At Ascension St. Francis Hospital, for example, the number of COVID-19 patients has increased from the six people it was treating six weeks ago to between 15 and 20 now, said Niraj Sawhney, an infectious disease doctor who works at the hospital.
"Now, because of a little complacency, they are coming in a little later and sicker," he said.
Sawhney said that when the cases surged in May and June, many of the patients were from the Hispanic community whereas now the hospital seems to be getting more patients from the suburbs.
The hospital has an ICU that can handle 20 patients, he said. It is not full yet and, if needed, the hospital has a plan to use other space to expand its ICU capacity.
Contact tracers struggling to keep up
Contact tracers working for the City of Milwaukee faced a backlog of 1,580 confirmed cases as of Thursday.
Interim Health Commissioner Marlaina Jackson acknowledged the backlog during a Milwaukee Public Schools board meeting Tuesday and said the department was in the process of ramping up its corps of contact tracers.
"So, it's just a matter of ramping back up," she said. "This is technically our second official wave, and so we know what we need to do. We already have our training pretty streamlined."
An MPS nurse and others raised concerns about the backlog as part of a discussion about whether the school district should move to a hybrid learning model in January. MPS has at least 22 nurses and other staff who have been trained to serve as contact tracers for cases in the district. Some voiced concern that a delay in tracing would contribute to the spread of COVID-19 in buildings.
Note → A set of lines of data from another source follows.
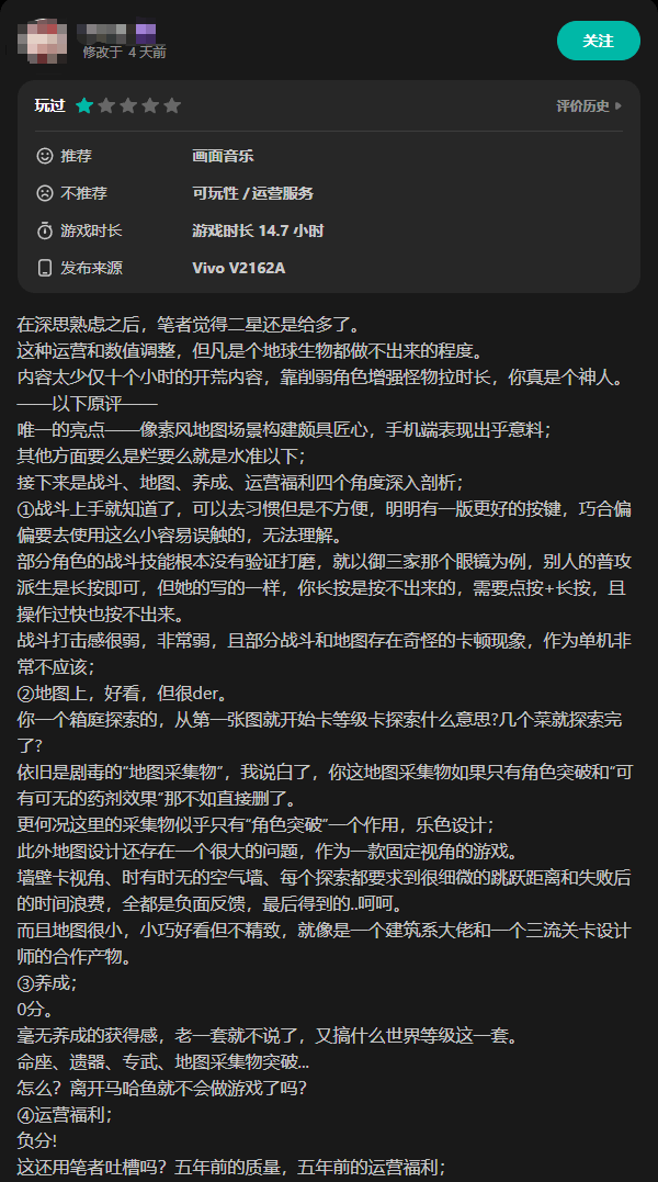 在这段时间中,这款没有人看好的二游,交出了与这份看衰匹配的答卷:畅销榜查无此游、TapTap等平台的玩家评论区也被差评占领。
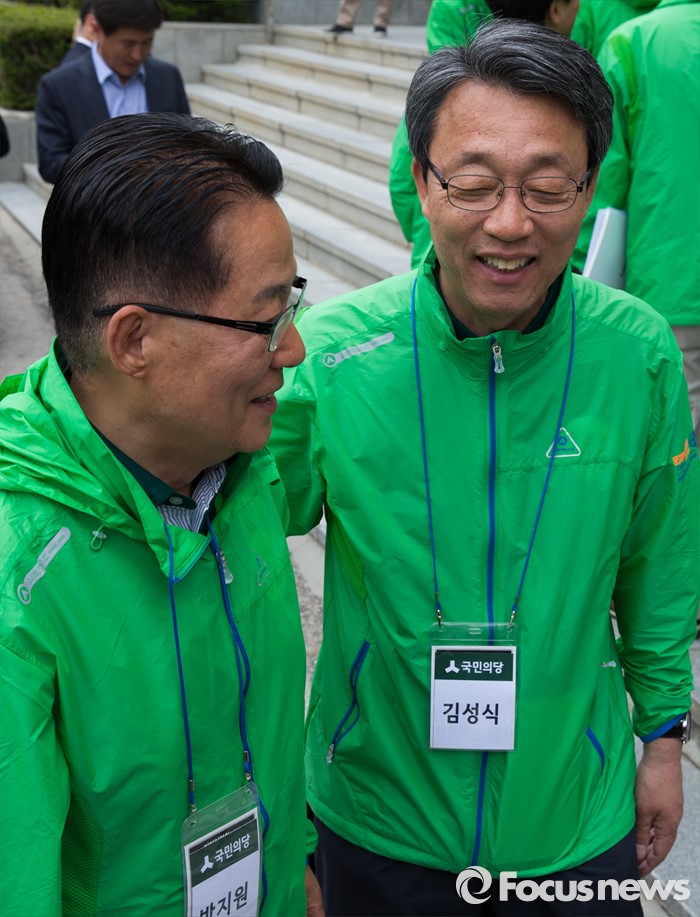 (양평=포커스뉴스) 국민의당 20대 총선 당선인 워크숍에서 합의 추대된 박지원(왼쪽) 원내대표와 김성식 정책위의장이 27일 오전 경기도 양평 한화리조트에서 선언문 낭독 후 대화를 나누고 있다.
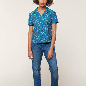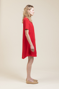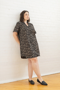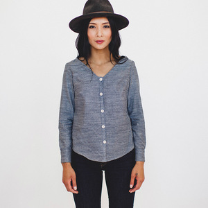 Eden is a classic button-up shirt with a modern touch. It has a slight A-line shape with a V-neckline, short sleeves, and a shawl collar finished with clean facings at the center front. The curved hemline and French darts add just the right amount of shaping. Whether you dress it up or keep it casual, Eden is the kind of versatile shirt you’ll reach for again and again.

"The Health Department is overwhelmed," said MPS nurse Sarah Gruettner. "Now you want (school nurses) to monitor students for COVID, do isolation room management and contact tracing."
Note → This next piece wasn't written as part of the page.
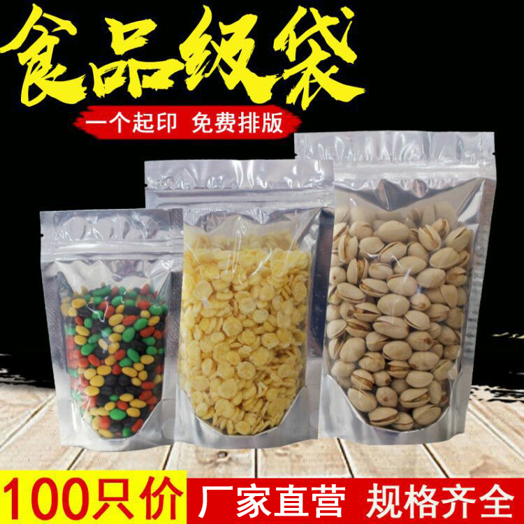 100本のアルミ箔陰陽袋を厚くした自封袋アルミ自立袋餌食品包装袋プラスチック封袋
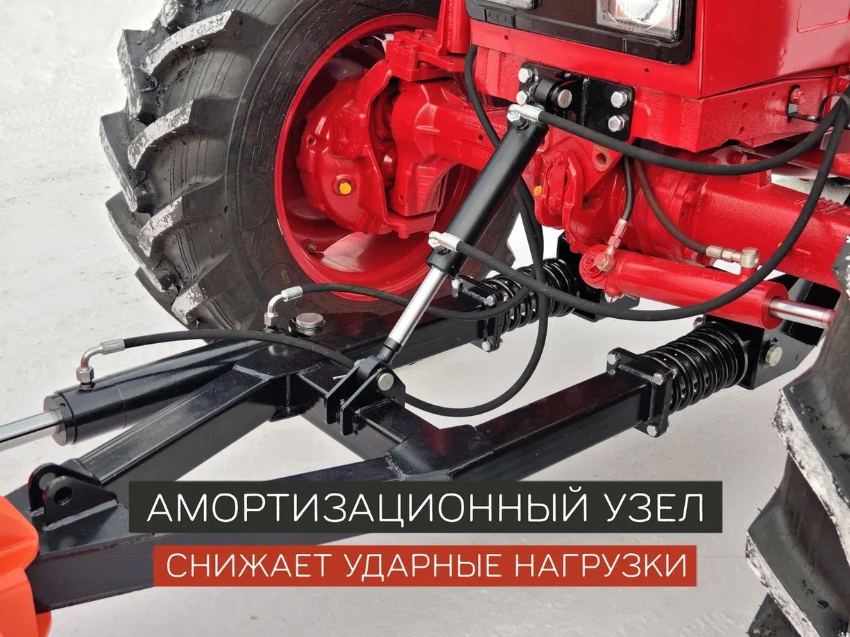 Коммунальный отвал имеет амортизационный узел из двух пружин, которые снижают ударные нагрузки на болтовое соединение и раму трактора.

There are 178 people on Milwaukee's contact tracing team, and officials said they are increasing the number of tracers. Last week the team processed 1,376 confirmed cases and 1,665 contacts, officials said.
Asked about the situation during a virtual news conference with reporters, Milwaukee Mayor Tom Barrett said he was concerned but "not panicking."
Some Wisconsin counties are asking the infected person to do that contact tracing themselves. That includes Dane County, the second-most populous in the state, which has switched to a "crisis model" of contact tracing.
Willems Van Dijk also urged recently infected people to notify their close contacts themselves, as contact tracers across the state cannot keep up with the thousands of new cases reported each day.
In many cases, the likely source of exposure was a small gathering like a birthday party, backyard barbecue or Packers party, she said.
As holidays draw closer, Willems Van Dijk said residents must be stricter about their social interactions. The virus will not care that people want to see their family members, she said.
"A long, prolonged holiday gathering with a lot of people in a house without masks and without physical distancing is a perfect petri dish for COVID-19," she said.
"It would be very challenging for us to have a surge on top of the surge that we're having right now," she said.
— John Fauber of the Journal Sentinel contributed to this report.